The slow cook-off test is a well-known test included in the Insensitive Munitions program. The purpose of this program is to develop munitions which fulfill their performance and operational requirements, while minimizing the violence of the reaction and subsequent damage when subjected to any undesired event. As known, one of the primary dangers from storing rockets arises not from the explosion charge, but rather from the rocket motor itself. The slow cook-off test is used to determine the reaction temperature and to measure the overall response of major munition subsystems to a gradually increasing thermal environment.
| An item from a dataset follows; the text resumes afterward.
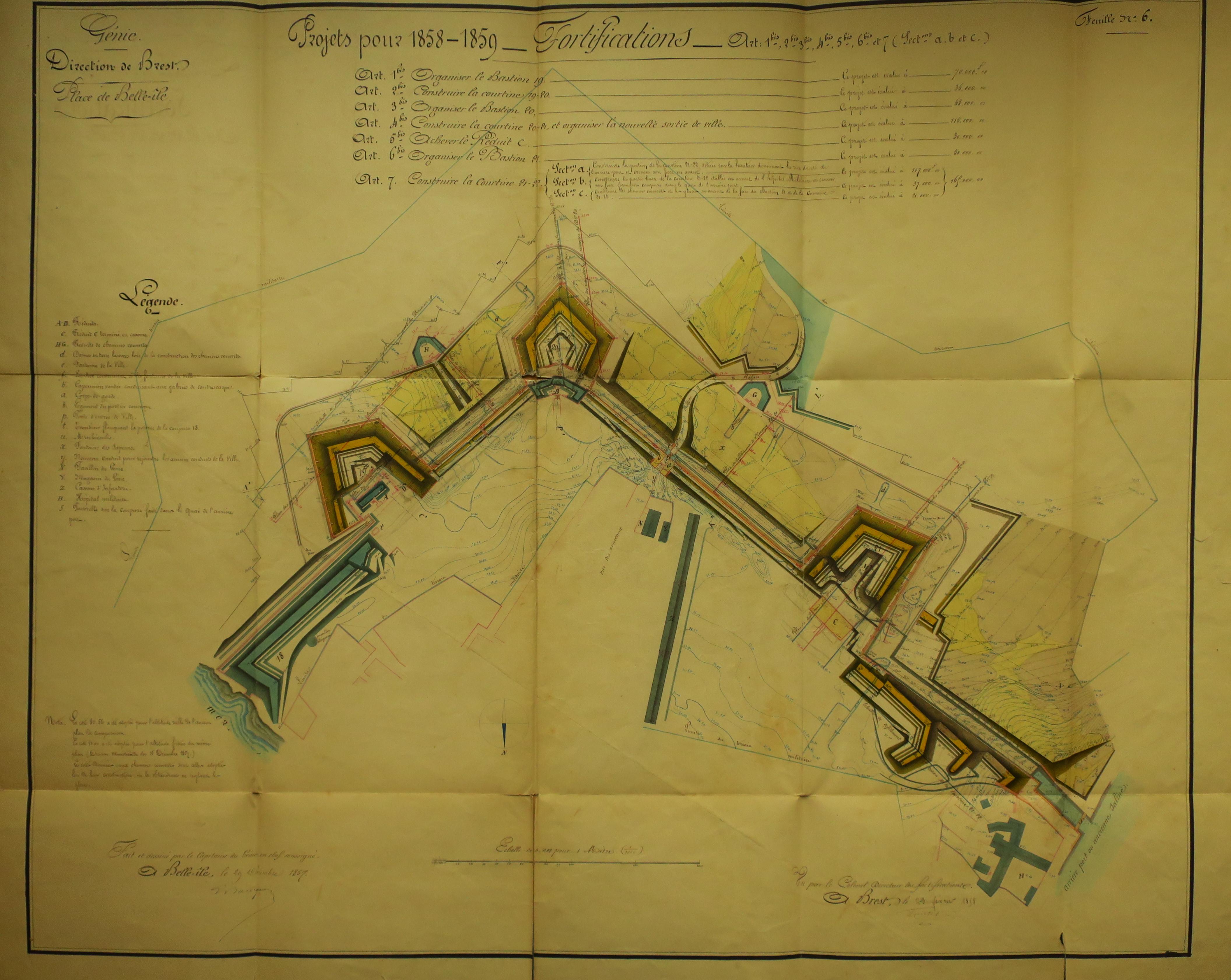 Service historique de la Défense, département Armée de Terre, Vincennes. Archives du Génie ; Article 8, Places françaises et d'Algérie : 1 VH 295, Place de Belle-Île-en-Mer, projets et dépenses annuels, 1858-1859. Direction du Génie de Brest, Place de Belle-Ile, feuille n° 6 des projets pour 1858-1859, 29 décembre 1857.

This test consists of subjecting the respective item to be tested, to a gradually increasing temperature at a rate of 6° F. per hour until a reaction occurs. The item to be tested may be preconditioned at the munition's upper environmental temperature limit for about eight hours prior to the start of the test.

Reduced smoke composite propellants, are based on ammonium perchlorate and an elastomeric plastic such as urethane cured polybutadiene, which burn vigorously at low pressure and are difficult to extinguish. Moreover, the composite propellants tend to react very violent in the slow cook-off test itself, even with minimal confinement. The reaction involves an explosion deflagration which destroys the case and breaks up the steel oven walls into several fragments.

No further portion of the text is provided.